DATA SHOWN:
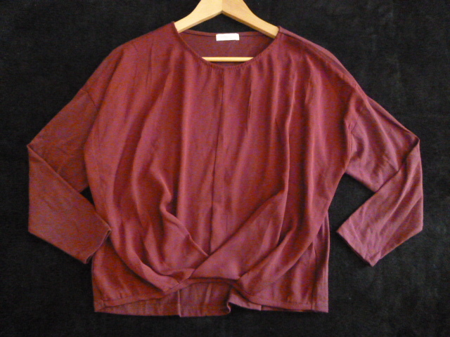 - earthmusic&ecologyアースミュージック&エコロジー◇ワイン色前後異素材ドルマントップスF◇ウエスト絞りデザイン長袖◇a71
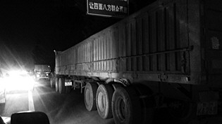大货车为闯禁区把道路当停车场
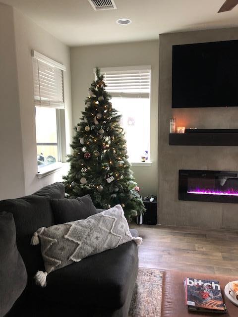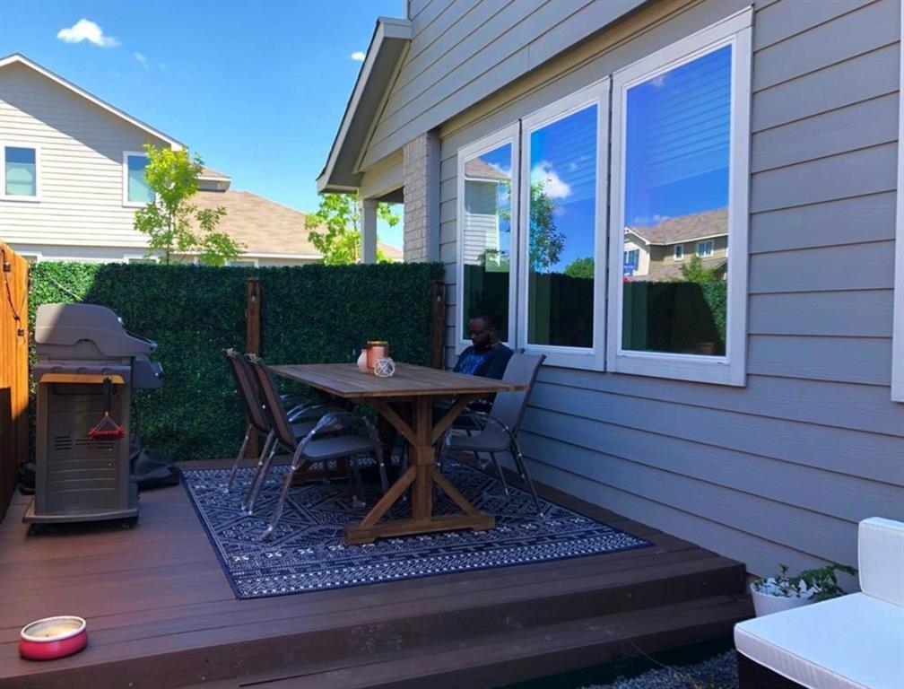 Beautiful and well-maintained 3BD/2.5BA home offering contemporary style and a comfortable, functional layout. The primary suite is conveniently located on the main floor, featuring a spacious bath and walk-in closet. The open-concept living area includes a cozy fireplace, abundant natural light, and a dedicated dining space. The kitchen is equipped with granite countertops, stainless steel appliances, and ample cabinet space—perfect for everyday living or entertaining. Relax on the screened-in porch with mounted TV or enjoy the private, fenced backyard with deck, ideal for grilling and gatherings. Upstairs offers two secondary bedrooms and a full bath, creating separation and flexibility for guests or a home office. Additional features include an attached 2-car garage, ceiling fans throughout, and designer touches that enhance the home’s charm. Located minutes from Samsung, Apple campuses, and The Domain, with quick access to major employers, shopping, and dining. Community amenities include a pool, clubhouse, and splash pad for added leisure and enjoyment.

WHAT YOU NEED TO DO: Begin at the line that contains "大货车为闯禁区把道路当停车场" and transcribe every line through the end of the listing, exactly as written. Omit the pictures.

SOLUTION TO THE PROBLEM:
大货车为闯禁区把道路当停车场
 Beautiful and well-maintained 3BD/2.5BA home offering contemporary style and a comfortable, functional layout. The primary suite is conveniently located on the main floor, featuring a spacious bath and walk-in closet. The open-concept living area includes a cozy fireplace, abundant natural light, and a dedicated dining space. The kitchen is equipped with granite countertops, stainless steel appliances, and ample cabinet space—perfect for everyday living or entertaining. Relax on the screened-in porch with mounted TV or enjoy the private, fenced backyard with deck, ideal for grilling and gatherings. Upstairs offers two secondary bedrooms and a full bath, creating separation and flexibility for guests or a home office. Additional features include an attached 2-car garage, ceiling fans throughout, and designer touches that enhance the home’s charm. Located minutes from Samsung, Apple campuses, and The Domain, with quick access to major employers, shopping, and dining. Community amenities include a pool, clubhouse, and splash pad for added leisure and enjoyment.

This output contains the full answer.